*** EXTRACTED MATERIAL Section Begins ***

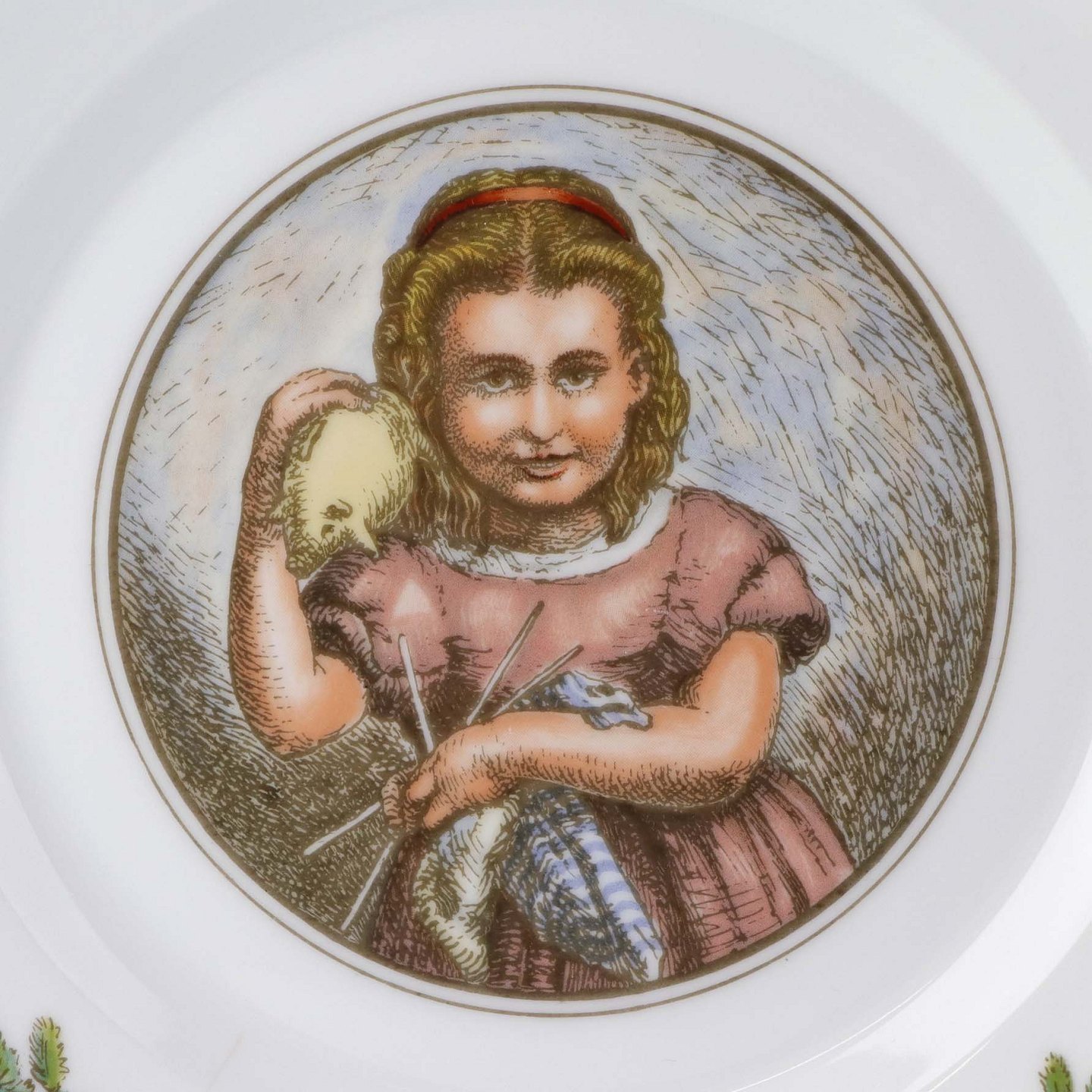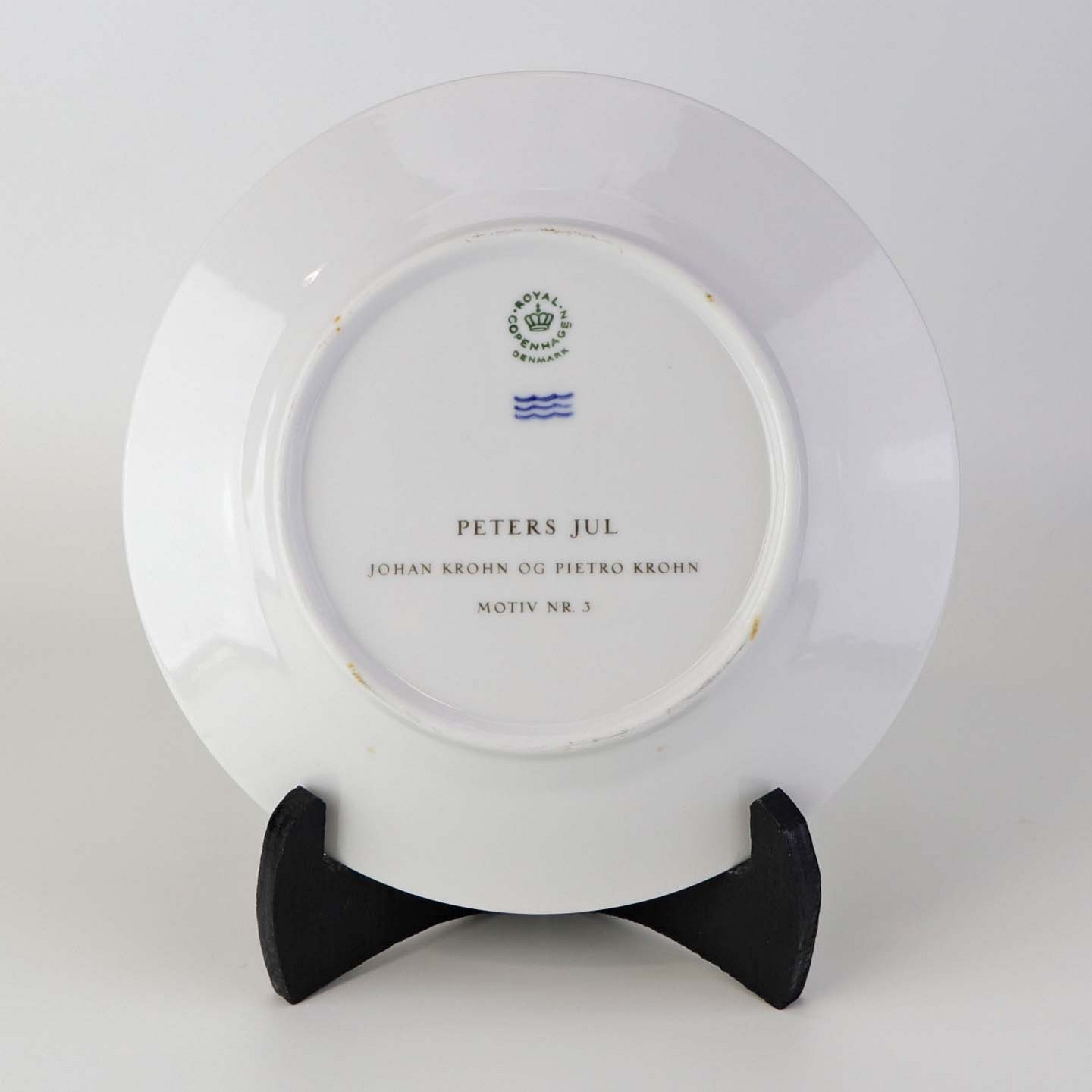 Flad desserttallerken i kongeligt porcelæn fra serien Peters Jul med motiv af søster Hanne. Nr. 3
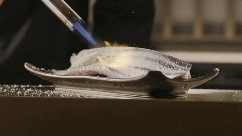 一个镜头闪过,它们就变了样子:整排的鱼被腌制了挂着,鲍鱼被切了花刀,鱼肉被炙烤或是被熟成,还有海胆、虾、龙虾、章鱼……它们一个个看起来好吃的不得了,可偏偏都一闪而过,我一次次摁下暂停,恨不得一帧一帧截屏下来——海洋生物怎么可以看起来这么好吃啊!
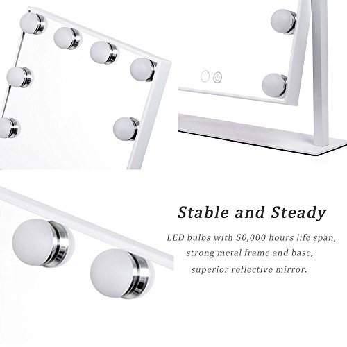 Sturdy Construction and High Quality LED Bulbs - Strong, solid feel with metal frame and base, built to withstand heavy use. Gorgeous and superior reflective mirror built to last with top quality material. Non-replaced LED bulbs with 50,000 hours life span; no need to replace the bulbs.
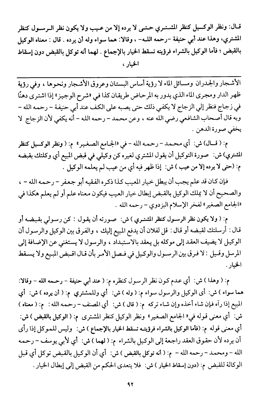 قال: ونظر الوكيل كنظر المشتري حتى لا يرده إلا من عيب ولا يكون نظر الرسول كنظر المشتري، وهذا عند أبي حنيفة - رَحِمَهُ اللَّهُ -، وقالا: هما سواء وله أن يرده. قال: معناه الوكيل بالقبض؛ فأما الوكيل بالشراء فرؤيته تسقط الخيار بالإجماع. لهما أنه توكل بالقبض دون إسقاط الخيار
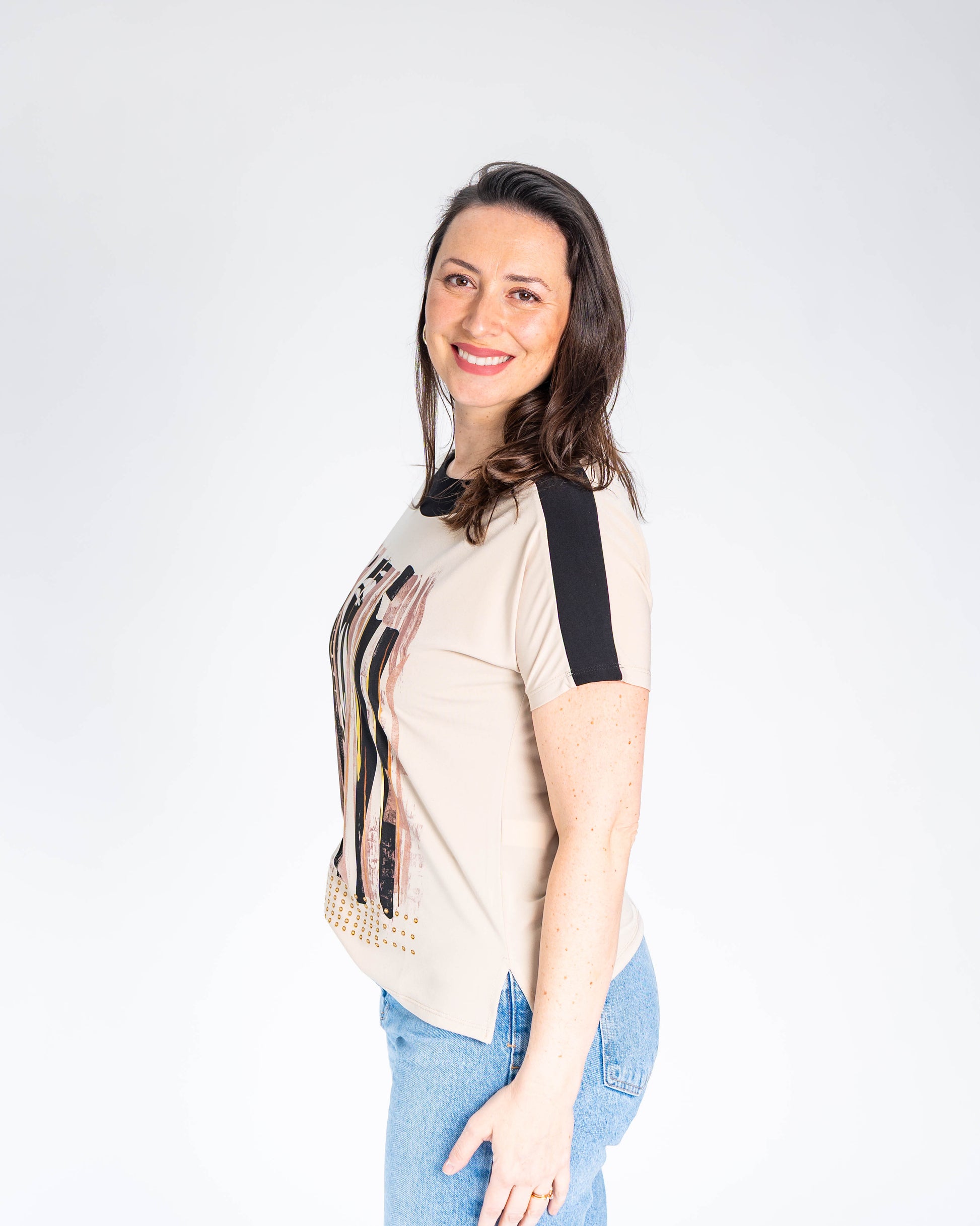 Polera Lucia Líneas Doradas Beige

*** EXTRACTED MATERIAL Section Ends ***

* [ABOUT THIS TASK]:
Exact copy, no pictures: reproduce every entry shown above.

* [YOUR SOLUTION]:
 Flad desserttallerken i kongeligt porcelæn fra serien Peters Jul med motiv af søster Hanne. Nr. 3
 一个镜头闪过,它们就变了样子:整排的鱼被腌制了挂着,鲍鱼被切了花刀,鱼肉被炙烤或是被熟成,还有海胆、虾、龙虾、章鱼……它们一个个看起来好吃的不得了,可偏偏都一闪而过,我一次次摁下暂停,恨不得一帧一帧截屏下来——海洋生物怎么可以看起来这么好吃啊!
 Sturdy Construction and High Quality LED Bulbs - Strong, solid feel with metal frame and base, built to withstand heavy use. Gorgeous and superior reflective mirror built to last with top quality material. Non-replaced LED bulbs with 50,000 hours life span; no need to replace the bulbs.
 قال: ونظر الوكيل كنظر المشتري حتى لا يرده إلا من عيب ولا يكون نظر الرسول كنظر المشتري، وهذا عند أبي حنيفة - رَحِمَهُ اللَّهُ -، وقالا: هما سواء وله أن يرده. قال: معناه الوكيل بالقبض؛ فأما الوكيل بالشراء فرؤيته تسقط الخيار بالإجماع. لهما أنه توكل بالقبض دون إسقاط الخيار
 Polera Lucia Líneas Doradas Beige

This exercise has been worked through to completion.